Clinical Features of Post-Operative Nosocomial Meningitis in Adults and Evaluation of Efficiency of Intrathecal Treatment

Abstract

Background:

Post-operative nosocomial meningitis is a critical complication that develops in patients after neurosurgical interventions and operations.

Patients and Methods:

Data were collected for 65 patients who were diagnosed as having nosocomial meningitis after neurosurgery. The agent profile, clinical and biochemical differences in gram-negative and gram-positive meningitis, and the effectiveness of intrathecal antibiotic administration in cases with carbapenem-resistant gram-negative agents were evaluated.

Results:

Gram-negative bacteria were isolated in 52.3% of patients. In gram-negative cases of post-operative nosocomial meningitis, white blood cell count (p = 0.015), C-reactive protein (p = 0.001), cerebrospinal fluid leukocyte count (p = 0.0001), and protein (p = 0.0001) were higher, and glucose (p = 0.002) was lower. Concurrent bacteremia (p = 0.041), 14-day mortality (p = 0.022), and 30-day mortality (p = 0.023) were higher in gram-negative cases. Empirical treatment was appropriate in 78.5% of the patients. Seventeen patients (26.2%) received intrathecal antibiotic agents in addition to intravenous antibiotic treatment because of carbapenem-resistant gram-negative bacteria. Nine (53%) of the patients receiving intrathecal therapy had Acinetobacter baumannii as the agent, six had Klebsiella pneumoniae (35.4%), one had Pseudomonas aeruginosa (5.8%), and one had Providencia rettgeri (5.8%). The mean intravenous treatment duration was 21.4 ± 10.6 (4–60) days, and the mean intrathecal treatment duration was 17.6 ± 14.0 (1–51) days. Eleven patients received colistimethate sodium intrathecally (1 × 10 mg/d), three patients received amikacin intrathecally (1 × 10 mg/d), and three patients received gentamicin intrathecally (1 × 10 mg/d). Clinical and microbiologic treatment success was achieved in nine patients (53%).

Conclusions:

In cases of meningitis caused by carbapenem-resistant agents, intrathecal administration of antibiotic agents such as gentamicin, amikacin, and colistin with limited blood-brain barrier transition in intravenous administration will increase survival. Therefore, intrathecal antibiotic administration should be considered as a part of routine of nosocomial meningitis.

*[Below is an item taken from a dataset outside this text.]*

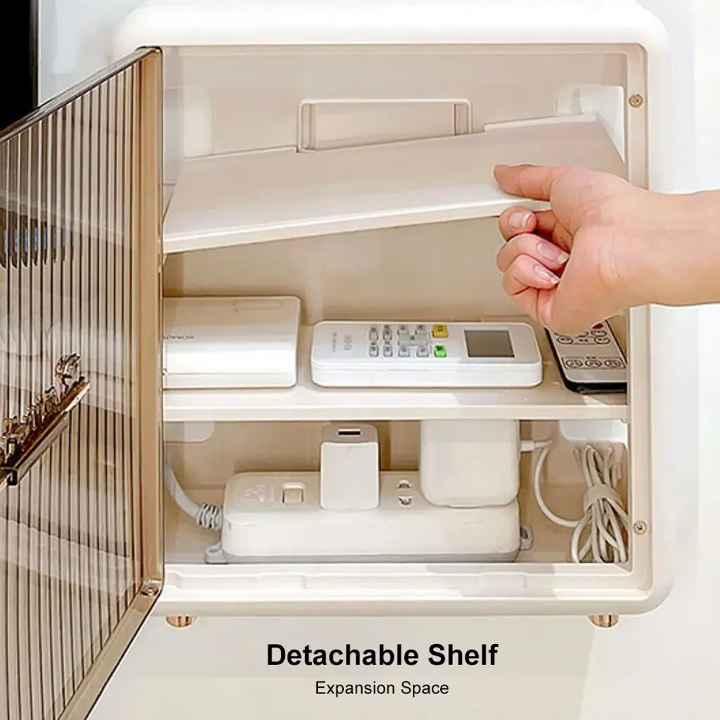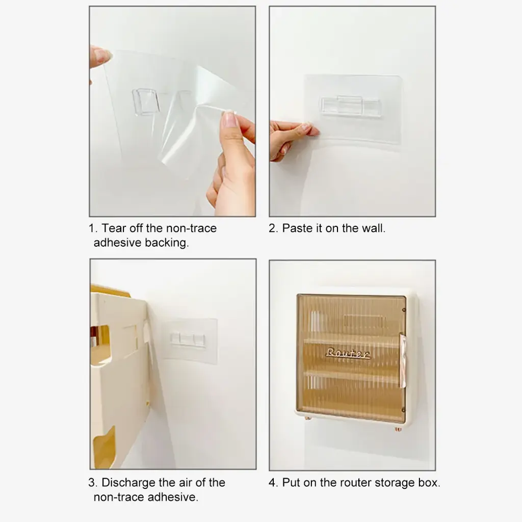 【Router Storage Box Material】 Made of high-quality PET plastic material, this wall storage shelf is very durable, and waterproof. Load Bearing: 2.5 kg. Strong /traceless hooks are provided, DIY install and excellent bearing capacity, stable and safe, and not easy to fall off. 【Equipped with a Cable Hole Design】Cable hiding box for hiding messy cables and wires, helping keep all neatly organized and within reach. round corners offer protection for children from bruising and getting hurt ensuring the safety of your family. 【Easy to Dissipate Heat / Does Not Block the Signal】 WiFi router storage box There are multiple holes designed at the bottom and top, which help to accelerate heat dissipation and receive signal. Make the shelf looks more elegant and beautiful. 【Multi Functional Router Storage Shelf】Removable installation of upper and lower layers (can be installed according to your needs), for conveniently organizing your router and other items in layers. Suitable for home or office to organize your set-top box, power strip, cable, router, remotes, etc.

Post-operative nosocomial meningitis (PNM) is a critical complication that develops in 0.34%–3.1% of patients after neurosurgical interventions and operations (craniotomy, internal or external catheter insertion, lumbar puncture, and spinal anesthesia), complicated head trauma, or rarely, nosocomial bacteremia and causes severe morbidity and mortality [1 –9].

Although a wide range of bacteria causes cases of PMN, gram-negative bacteria have been isolated more frequently in recent years [10,11]. Increased resistance rates reported in gram-negative bacteria also lead to problems in treatment [12]. Moreover, in cases caused by third- and fourth-generation cephalosporins and carbapenem-resistant (CR) bacteria such as Acinetobacter species, parenterally administered antimicrobial drugs do not reach sufficient concentration in cerebrospinal fluid, which makes treatment difficult [13]. Some studies report that intraventricular or intrathecal administration of aminoglycoside or colistin is beneficial in cases caused by multi-drug–resistant gram-negative bacteria [12,14,15].

In this study, we aimed to reveal the agent profile of cases of PNM, investigate the clinical and biochemical differences in gram-negative and gram-positive meningitis, and discuss the effectiveness of intrathecal antibiotic administration in cases with CR gram-negative agents.

Patients and Methods

This retrospective study included 65 patients older than 16 years of age who were followed up and treated for invasive intervention or PNM at the University of Health Sciences Antalya Training and Research Hospital between January 1, 2014 and December 31, 2018.

The demographic, clinical, and treatment information for the patients was obtained from the follow-up forms filled out by the infectious disease specialist. We evaluated the duration of pre-operative hospitalization, the time between the operation and the diagnosis of meningitis, the reason and type of the operation (urgent or elective), the presence of an extra-ventricular drainage (EVD) catheter, blood and cerebrospinal fluid (CSF) biochemical values, presence of concurrent bacteremia, CSF culture results, antibiotic agents given in empirical therapy, intravenous and intrathecal treatment duration, and survival status.

U.S. Centers for Disease Control and Prevention (CDC) criteria were applied in the definition of nosocomial meningitis [16]. Patients diagnosed with nosocomial meningitis were included in the study providing that proliferation was observed in the CSF culture or at least one of the signs of meningeal irritation was present such as headache, neck stiffness, cranial nerve involvement for no other reason, and that the patients displayed at least one of these criteria (increased neutrophil count, increased protein and/or decreased glucose level in the CSF; micro-organism in CSF gram stain; a proliferation in blood culture; positive antigen test in blood, CSF, or urine; increased antibody titer against the pathogenic micro-organism). Cases with brain abscess, peritoneal shunt infection, those with incomplete demographic and clinical information, and those who died within the first 72 hours after the initiation of treatment were excluded from the study. One patient who had a CSF culture in which multiple bacteria proliferated (coagulase-negative staphylococci and diphtheroid bacillus) and who died within two days of the treatment was also not included in the study.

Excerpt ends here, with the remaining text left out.